DiTPainter: Efficient Video Inpainting with Diffusion Transformers
Xian Wu, Chang Liu
TL;DR
The paper tackles video inpainting by addressing the inefficiency of large pretrained diffusion models and the temporal inconsistencies of flow-based propagation. It introduces DiTPainter, a compact Diffusion Transformer trained from scratch, paired with a 3D WF-VAE encoder to operate in a latent space. Key innovations include Flow Matching as the diffusion scheduler, MultiDiffusion for temporal coherence across arbitrary-length videos, and a two-stage coarse-to-fine training strategy. Empirical results show competitive or superior visual quality and temporal consistency with reduced compute, enabling practical tasks such as video decaptioning and completion.
Abstract
Many existing video inpainting algorithms utilize optical flows to construct the corresponding maps and then propagate pixels from adjacent frames to missing areas by mapping. Despite the effectiveness of the propagation mechanism, they might encounter blurry and inconsistencies when dealing with inaccurate optical flows or large masks. Recently, Diffusion Transformer (DiT) has emerged as a revolutionary technique for video generation tasks. However, pretrained DiT models for video generation all contain a large amount of parameters, which makes it very time consuming to apply to video inpainting tasks. In this paper, we present DiTPainter, an end-to-end video inpainting model based on Diffusion Transformer (DiT).
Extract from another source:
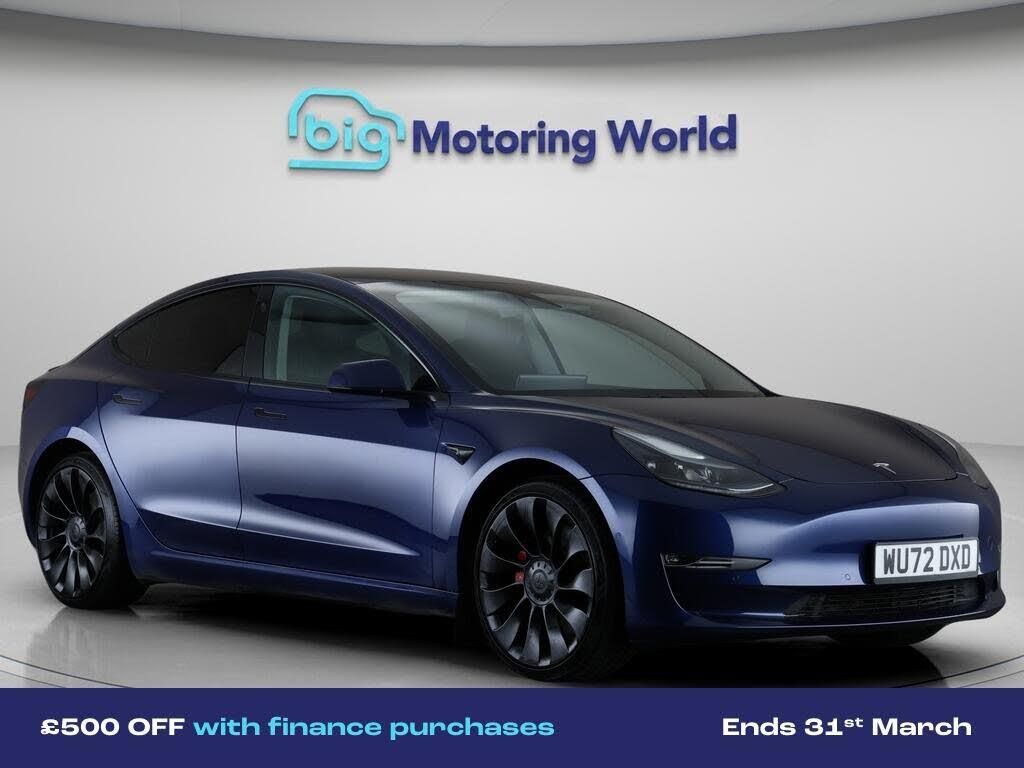 £500 towards your finance depo-Our Tesla Model 3 is finished in Blue. Specification includes a range of fantastic features including £500 towards your finance deposit Specification information is supplied by CAPHPI and may vary to the actual car. This data does not form any part of a buying contact. Please check specification prior to purchase in-store. The MOT is valid until September 2026, visit bigmotoringworld.co.uk for more photos, a 360 tour, service history and a free HPI report.Were BIG on peace of mind and this Blue Tesla Model 3 has completed our comprehensive 200 point inspection and passed all checks. Its ready for you to drive away with immediate collection in-store. We include a 90-day warranty as standard plus an option to extend for up to 3 years.Reserve this car exclusively for you, safely and securely at bigmotoringworld.co.uk, with a fully refundable £99 deposit. Test drive before you buy, with no commitment, no hassle and a completely haggle free experience. Still searching and want to see thousands more cars? We are BIG on choice with over 8000 cars to choose from.Visit our award winning web site bigmotoringworld.co.uk.Were Big Motoring World and were BIG on what matters to you.

DiTPainter uses an efficient transformer network designed for video inpainting, which is trained from scratch instead of initializing from any large pretrained models. DiTPainter can address videos with arbitrary lengths and can be applied to video decaptioning and video completion tasks with an acceptable time cost. Experiments show that DiTPainter outperforms existing video inpainting algorithms with higher quality and better spatial-temporal consistency.